Today’s blog was written by Angela Casey, a lawyer at de VRIES LITIGATION
Last week, the Court of Appeal delivered its judgment in Smith v. Rotstein. The decision appealed from was a summary judgment under former Rule 20 dismissing Ms. Rotstein’s will challenge.
What made the case unique was that in addition to the will at issue, there were four codicils, the last two of which had no relevance to Ms. Rotstein’s claims. The estate trustee only sought probate in respect of the will and the first two codicils. Ms. Rotstein argued that the General Rule of Probate required that all five testamentary documents be admitted to probate at the same time. She claimed that this precluded the Court from granting summary judgment against her. This argument was rejected by both the motions judge and the Court of Appeal. The Court of Appeal found no error in principle to admitting the will and two of the four codicils to probate.
Ms. Rotstein also appealed the costs decision below. The motions judge had found that Ms. Rotstein’s persistence with “scorched earth” litigation in the absence of any evidence to support her position amounted to “reprehensible” conduct meriting an award of full indemnity costs against her. Costs were fixed at $707,173.00 for fees and $30,407.29 for disbursements.

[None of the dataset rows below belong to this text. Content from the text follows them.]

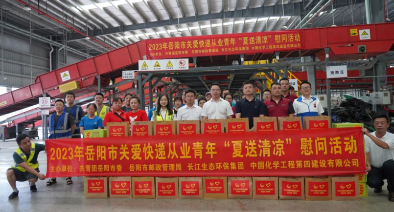 7月18日下午,公司聯(lián)合岳陽團(tuán)市委、市郵政管理局、長江生態(tài)環(huán)保集團(tuán)在科德物流園開展2023年關(guān)愛快遞從業(yè)青年“夏送清涼”慰問活動。共青團(tuán)岳陽市委書記綦小廣、岳陽市郵政管理局局長殷宏亮出席慰問活動。長江生態(tài)環(huán)保集團(tuán)湖南區(qū)域公司黨群工作部、公司團(tuán)委、岳陽污水治理項目部相關(guān)負(fù)責(zé)人員參加慰問活動。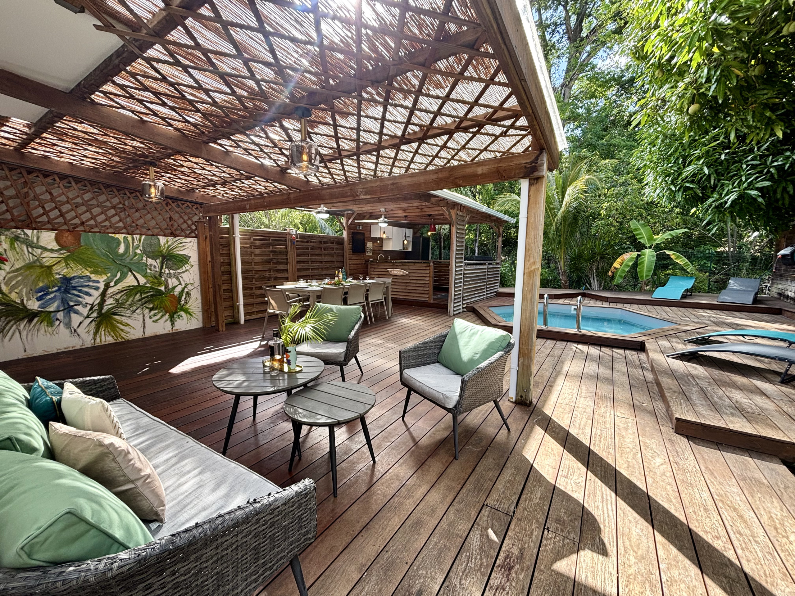 Découvrez la villa Sybelle, un hébergement parfait pour des vacances entre amis au Diamant, en Martinique. Cette villa spacieuse de 100m² offre un cadre idéal pour un séjour convivial et relaxant, avec une capacité d'accueil jusqu'à 8 personnes.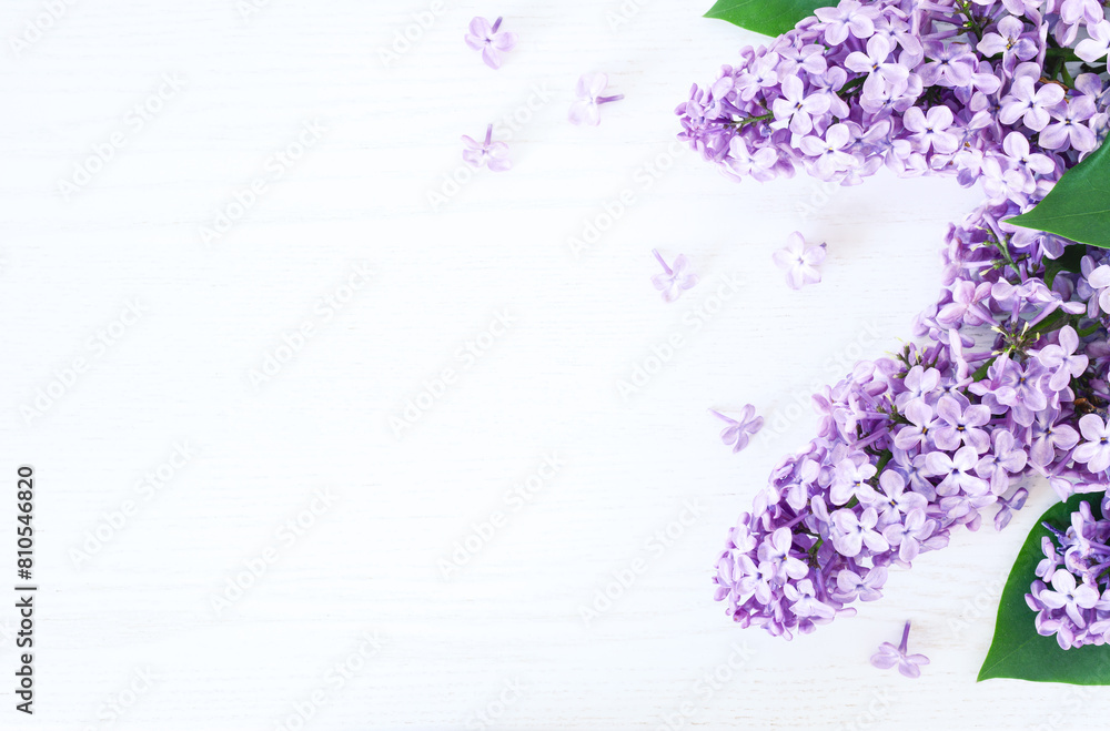 Lilac Flowers and petals on white wooden background, copy space. Beautiful Spring Flowers. Floral background for Birthday, Spring Holiday, Mother's day, Women's day, Wedding. Flat lay, top view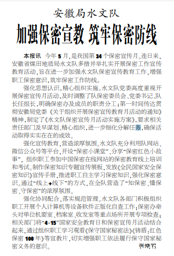 安徽局sgndf加强保密宣教 筑牢保密防线——见2022年5月30日中煤地质报第三版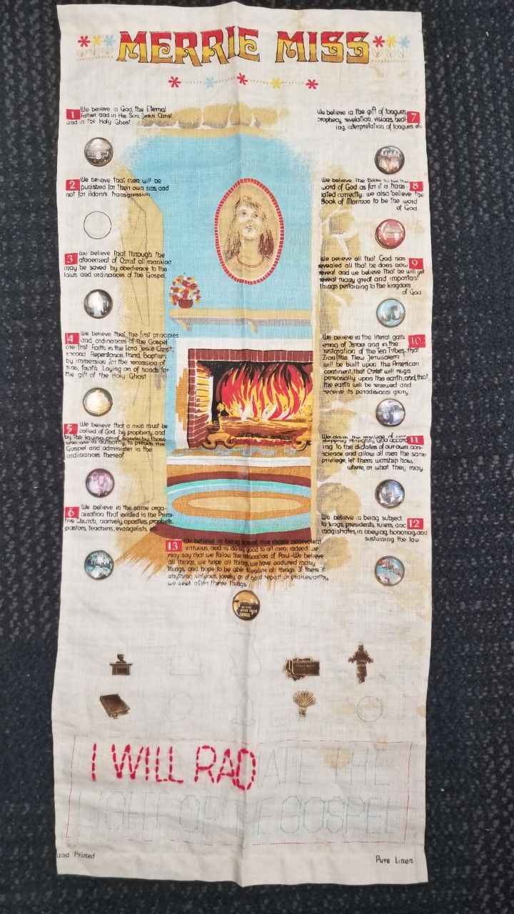 Merrie Miss Banner — With 13 Articles of Faith — With Little Round Glass Pieces — 1 Foot Wide & 2’5″ Tall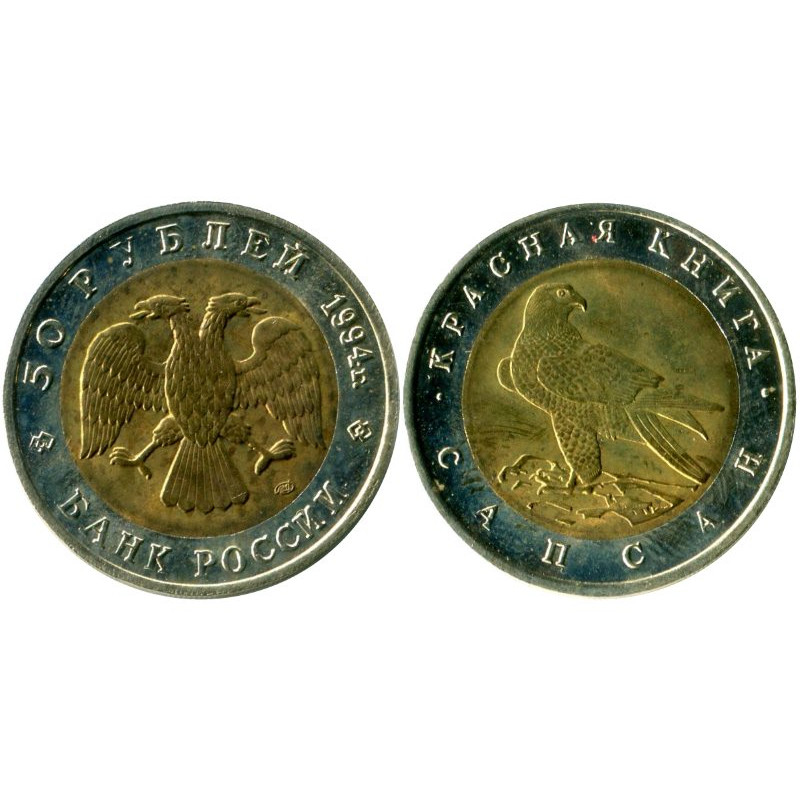 Аверс: изображение двуглавого орла (художник И. Билибин), по окружности надписи, разделённые орнаментом: вверху — «ПЯТЬДЕСЯТ РУБЛЕЙ» «1994″, внизу — «БАНК РОССИИ». Реверс: рельефное изображение сапсана, по окружности — надписи, разделённые двумя точками: вверху — «КРАСНАЯ КНИГА», внизу — «САПСАН» В 1991 году Государственный банк СССР начал выпуск монет необычной серии «Красная книга». На монетах были изображены редкие виды животных, занесенных в Красную книгу Советского Союза. Были выпущены в обращение всего 2 монеты, после этого СССР прекратил свое существование, а выпуск новых монет этой серии продолжил Центральный банк Российской Федерации. 10 ноября 1994 года он выпустил в обращение монету 50 рублей «Сапсан».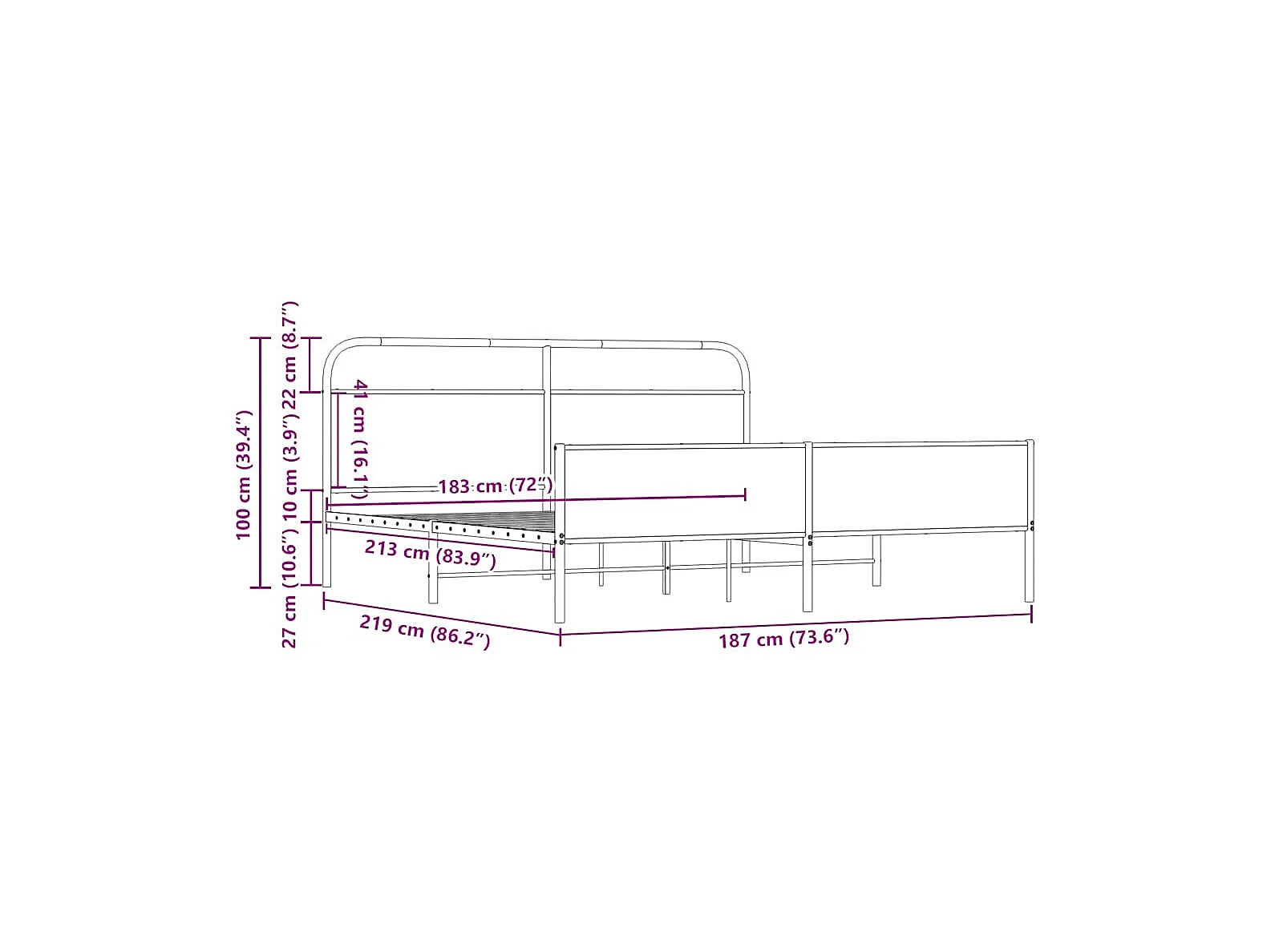 Lit double | Lit adulte | Cadre de lit en métal chêne sonoma 183x213 cm
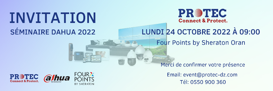 Nous avons l'honneur de vous convier au séminaire organisé par PROTEC et Dahua sur les nouvelles solutions et technologies de sécurité le 24 Octobre 2022.

Interestingly, the appellant did not object to the scale of costs (full indemnity) as one of the grounds of appeal. She instead argued that her failure to deliver a Bill of Costs as directed by Justice Brown should not have disentitled her to argue that the winning party’s costs were unreasonable. The Court of Appeal agreed with Ms. Rotstein on this point.
From her failure to file a Bill of Costs, Justice Brown concluded that “the fees incurred by Ms. Rotstein on a full indemnity basis approximated those incurred and submitted by Mr. Smith”. This, the Court of Appeal found, was a permissible inference to make.
In the end, after retaining one of Canada’s leading litigators to argue her appeal, what did Ms. Rotstein win? She must still pay her brother’s full indemnity costs. However, she can now go back and argue that her brother’s legal costs, although approximating her own, were unreasonable. Pyrrhic victory?